In the step 206, usability of the device is affected by the trust score. For example, if the trust score is below a minimum threshold, the user may be prevented from doing anything on the device, or the user is presented a challenge which may boost the trust score. Furthering the example, components of the device are locked or shut down if the trust score is below a threshold. Similarly, applications or accounts are block, locked or inaccessible if the trust score is below a threshold. In another example, if the user's trust score is determined to be below an upper threshold, the user may be permitted to utilize apps such as gaming apps, but is not able to use the device to make purchases, sign documents or login to social media accounts. If the user's trust score is above the upper threshold, the user has full access to the device and is able to perform any transaction or function. In some embodiments, actions/transactions are classified into classes or levels, and the classes/levels correspond to ranges of trust scores or being above or below specified thresholds.


In some embodiments, fewer or additional steps are implemented. In some embodiments, the order of the steps is modified.
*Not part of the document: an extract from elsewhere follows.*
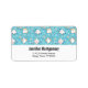 Address labels with a cute cat pattern, set on a blue background and decorated with rainbows and paw prints and more.
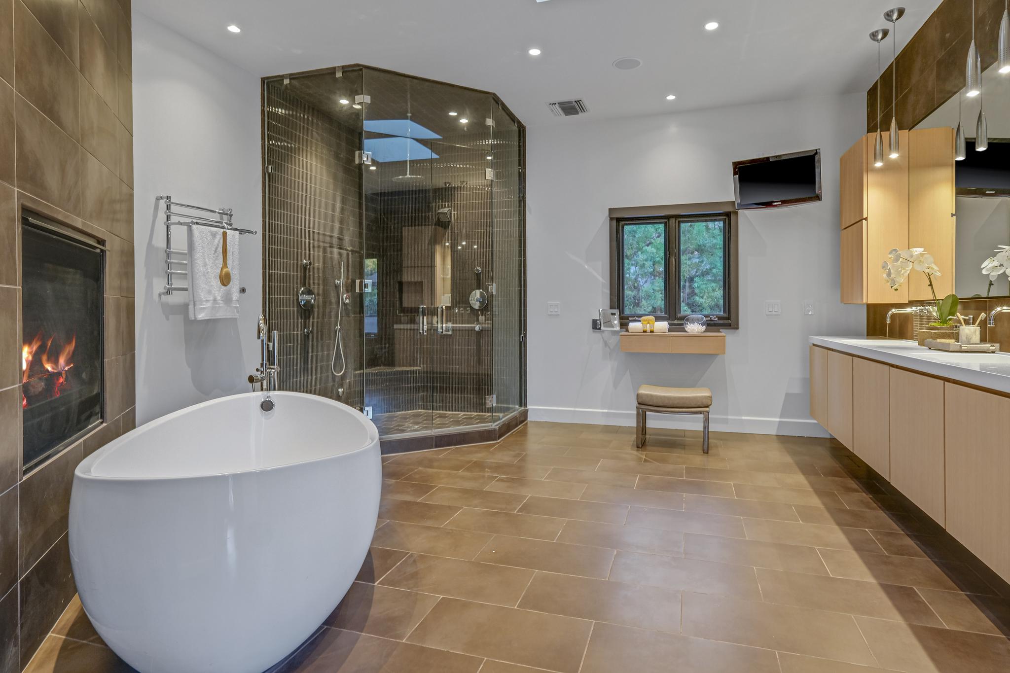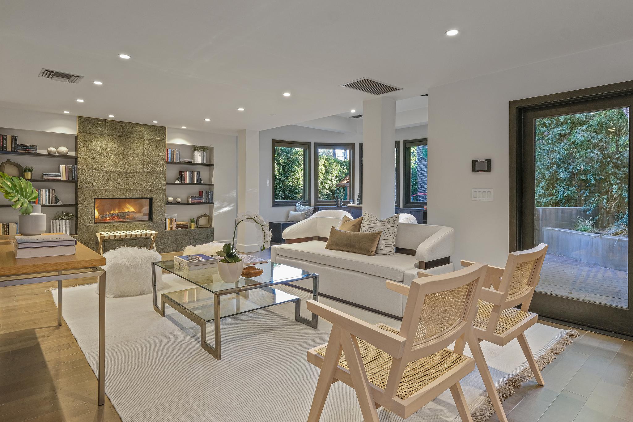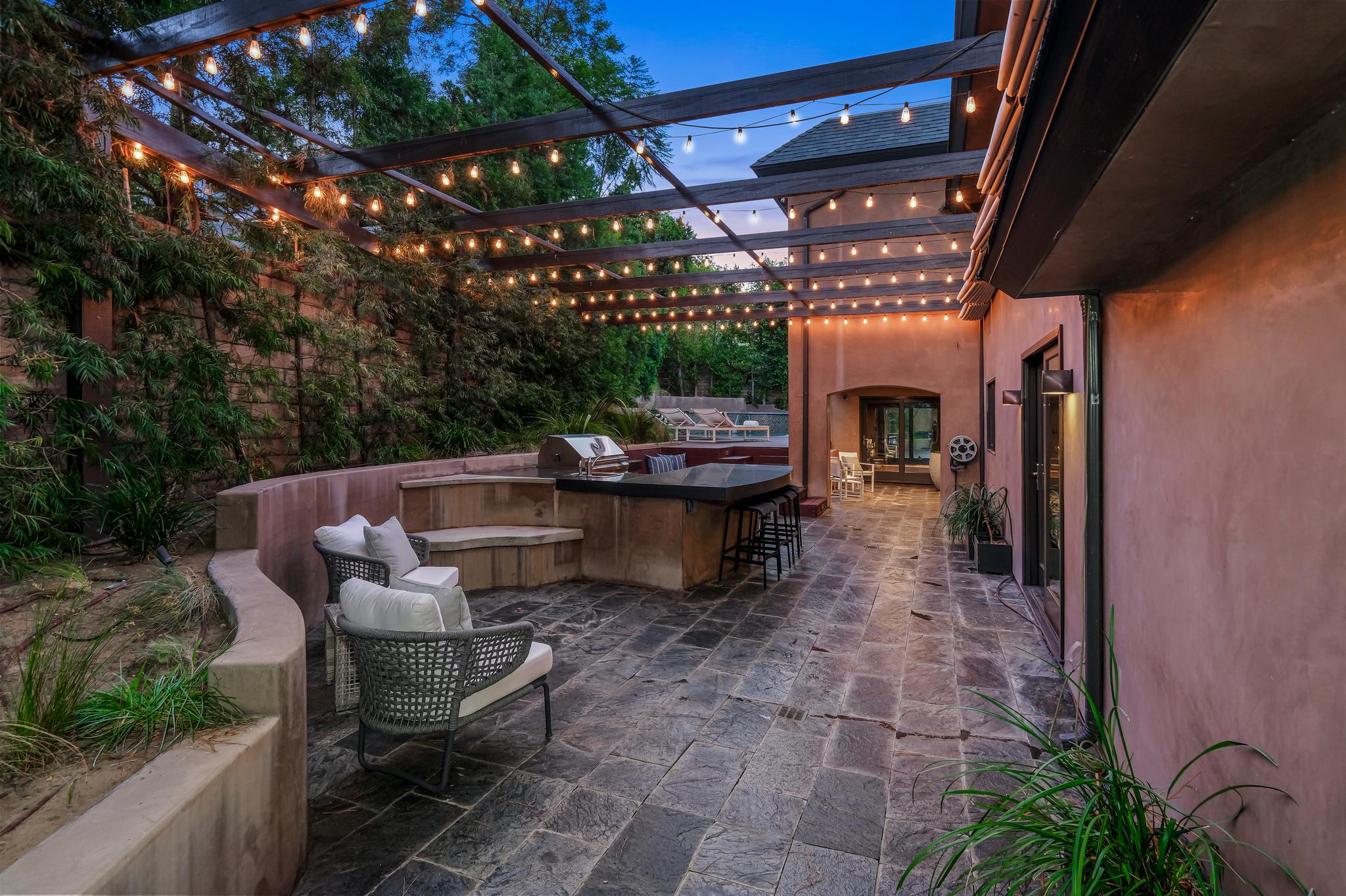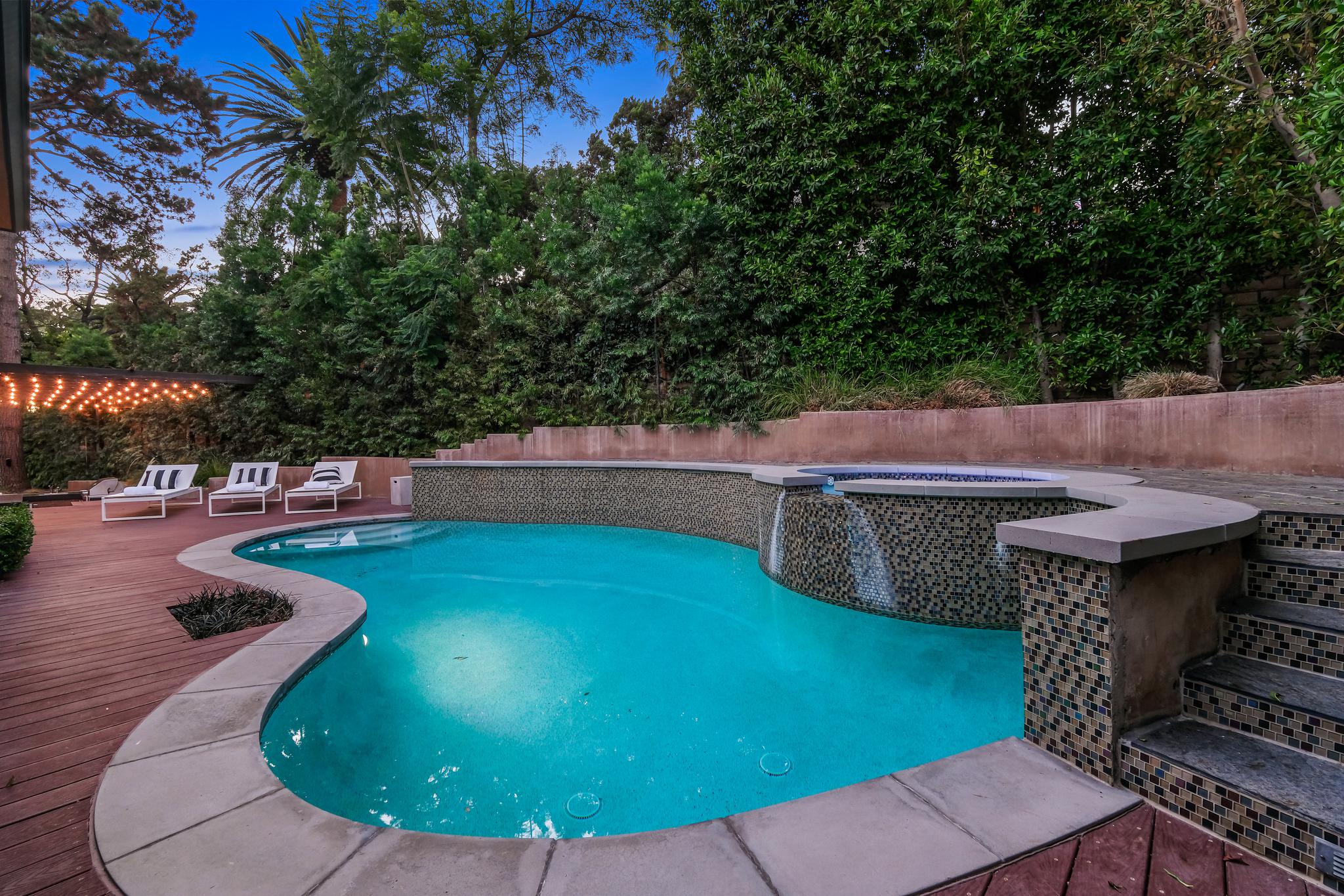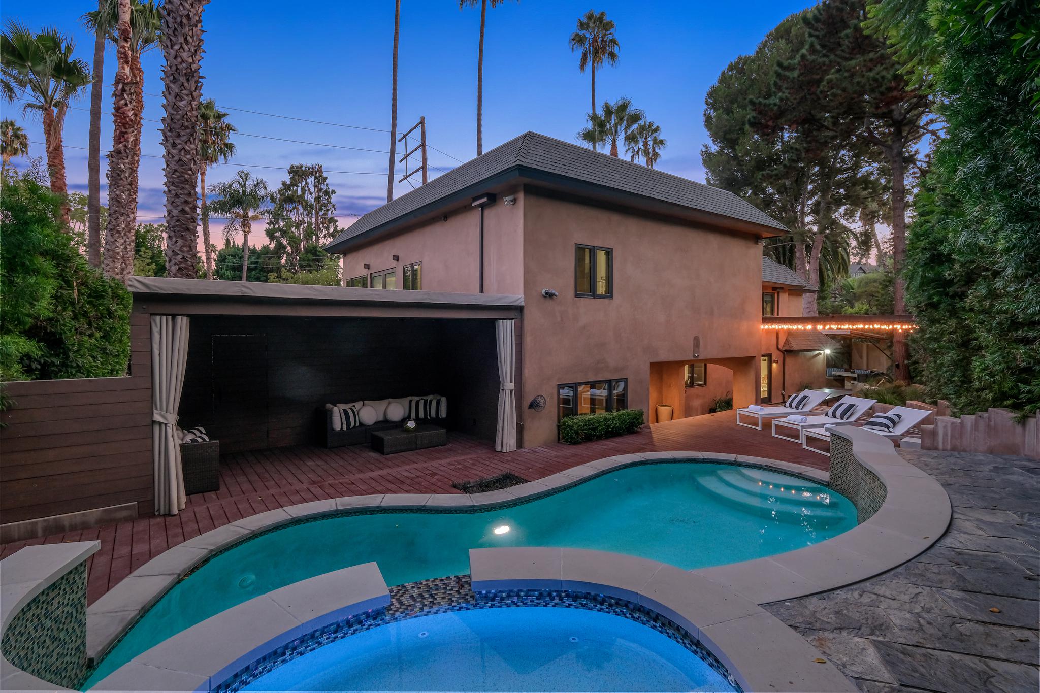 Stunning, sleek, stylish - this dramatic contemporary, 3 bed/3.5 bath home with a top of the line in-home theater and gym, has been renovated throughout with meticulous attention to design and detail. The seamless indoor-outdoor flow creates inviting spaces for entertaining; including an outdoor kitchen, al fresco dining area, and private pool/spa with a relaxing cabana. Expansive windows throughout the home maximize the lush, serene outlooks, and basks the home with abundant natural light. Completely gated and private, this home boasts a chef's kitchen replete with Miele appliances and Italian cabinetry, 2 large ensuite guest bedrooms with ample closet space, and an owner's suite with spa-quality bathroom, 2 walk-in closets, and large balcony. A true Smart Home, including a Crestron system with automatic blinds, a Savant Home Theater system, and sound/security throughout the inside/outside of the house, this compound checks all the boxes for high-quality Southern California living.

TrustGPT is able to prove/guarantee a user is who they claim to be. Instead of or in addition to biometric identification (e.g., fingerprint matching) and facial/voice recognition, other aspects of a user or a user's actions are able to be analyzed. For example, a user's gait/stride, how the user uses his device, how the user types/swipes, and other motions/actions/transactions are able to be analyzed, compared and matched using generative AI to determine if the user is the expected/appropriate user. Furthering the example, if a user typically takes short strides while using the phone and uses two thumbs to input text, then when a second user attempts to use the phone but has longer strides and uses a single finger input, then the device is able to detect that the person using the device is not the expected user (e.g., owner of the mobile phone).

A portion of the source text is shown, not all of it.